Evaluates the significance of the proportion of verified proteins given a set of predicted proteins.
pairwise_recovery_protrec <- function(prot_predict_list, original_prot_list, check_prot_list, complex_vec,protrecscoreset=0.95)
Where prot_predict_list is a vector of predicted significant values by PROTREC for a given sample, original_prot_list is the original set of proteins observed for that particular sample, check_prot_list is the set of proteins in the cross-replicate for verification, complex_vector is the feature vector set, and the protrecscoreset is the PROTREC score significance cutoff, default is 0.95. For example:
PROTREC_prot <- data.frame(PROTREC_protprob(complex_vector, 1-rc_cprotrec[1,], rownames(RC_C),0.01))

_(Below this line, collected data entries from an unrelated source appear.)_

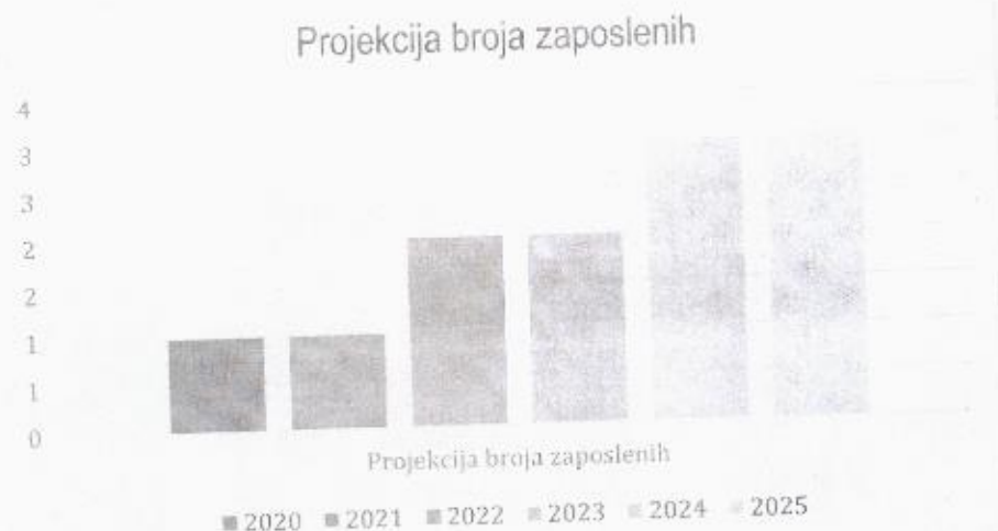
Grafički prikaz: Plan kretanja broja zaposlenih po godinama
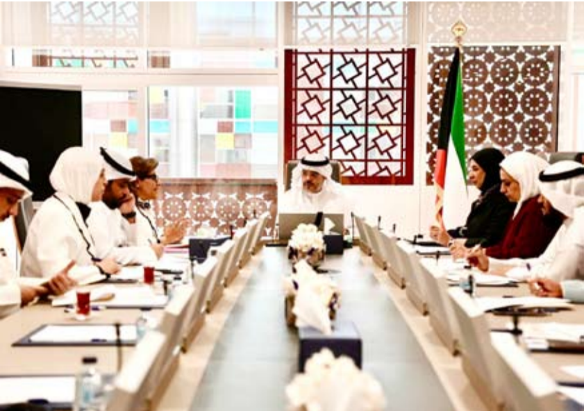
جانب من الاجتماع بين الجهات الثلاث
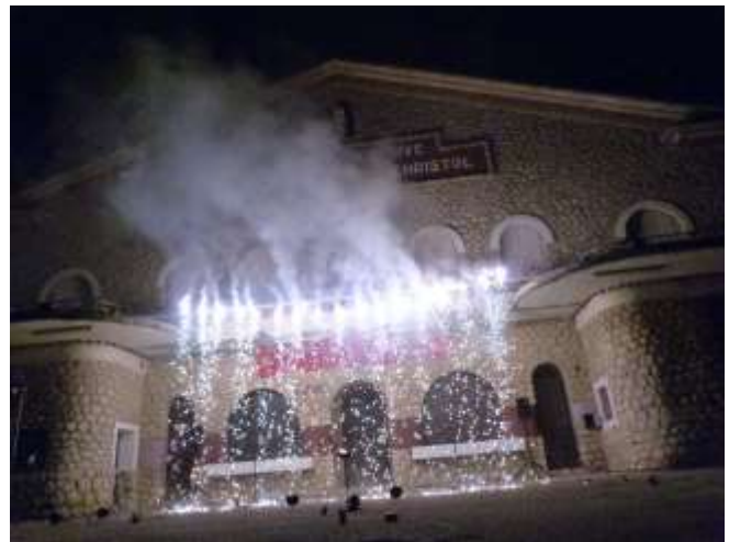
Embrasement de la Cave Coopérative
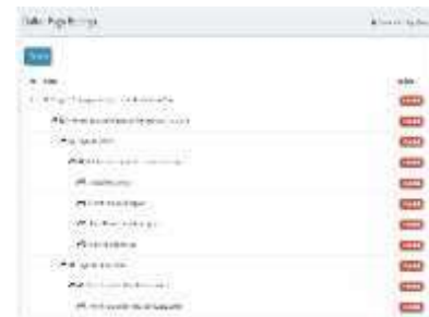
Gambar 0.5 Daftar Pagu Belanja

Daftar pagu belanja terdapat menu penambahan pagu belanja dan juga menampilkan daftar pagu yang sudah diinput, bisa dilihat pada gambar 4.5.
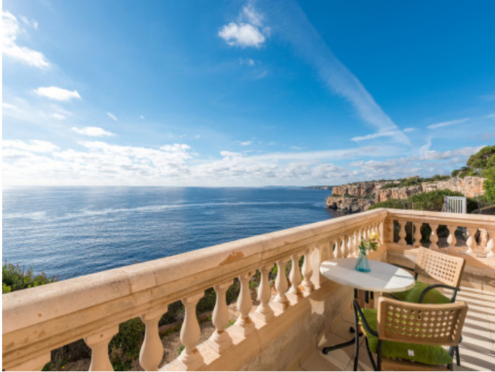
Terraza con vistas al mar
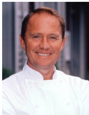
Horst Petermann Restaurant Kunststuben, Küsnacht
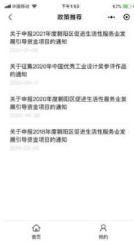
图 10.7-5 小程序推荐政策页面

平台根据企业信息、自评结果为企业推荐相关政策，点击政策标题可查看政策详情， 如图：
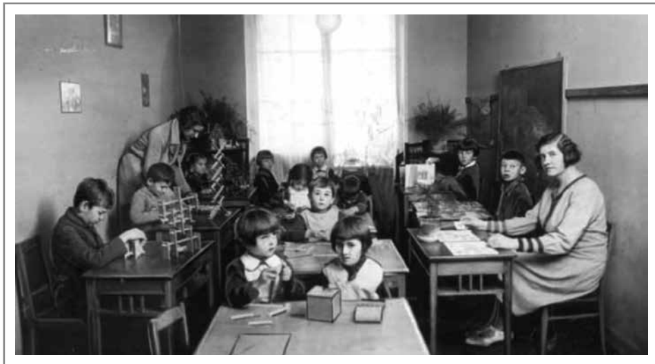
Przedszkole dla dzieci pracowników Państwowego Banku Rolnego w Łucku, 1932.
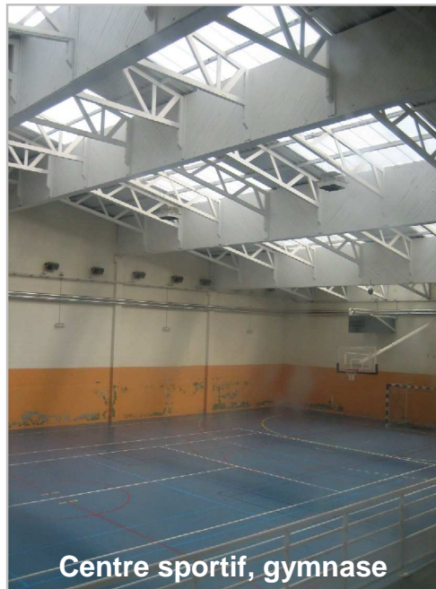
Centre sportif, gymnase
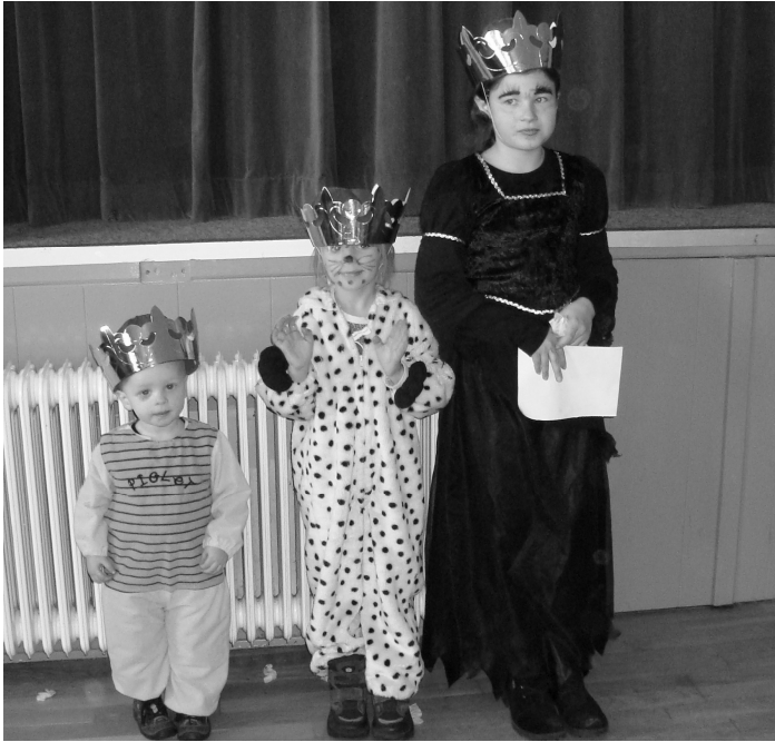
Fastelavnsfestens 3 Kattekonger
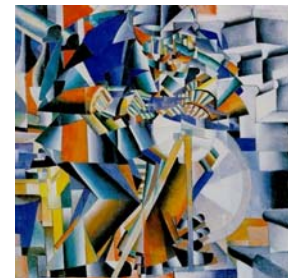
(“Serpiente robot”, Casimir Malevich)

Surgió en Rusia, por Kasimir Malevich, eliminó toda alusión a los objetos, todo condicionamiento religioso, político y social, se alejó de las demás vanguardias. En este movimiento se enfocaron las formas geométricas, había una sociedad de artistas dirigida por Malevich y estaban integrados Liuvob Popota, El Lizzitsky, Alexander Rodchenko.
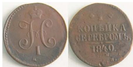
1 копейка 1840 года, двойной удар

Нарушение соосности происходит в тех случаях, когда штемпель оказывается плохо закрепленным на шпильках или шпильки ломаются. Штемпель при этом смещается относительно другого штемпеля. Изображения на разных сторонах

rownames(PROTREC_prot)<- PROTREC_prot[,1]
PROTREC_prot[,2]<-as.numeric(as.character(PROTREC_prot[,2]))
PROTREC_prot<- data.frame(PROTREC_prot)
pairwise_recovery_protrec(PROTREC_prot,rownames(RC_C)[(RC_C[,1])!=0],rownames(RC_peptides_uniq)[(RC_peptides_uniq[,1])!=0],complex_vector)
The output will contain a vector of five pieces of information: the observed proporetion of overlap, the significance of this overlap (p-value), the number of verified proteins, the total number of predicted missing proteins, and the list of validated proteins separated by the character 'a'.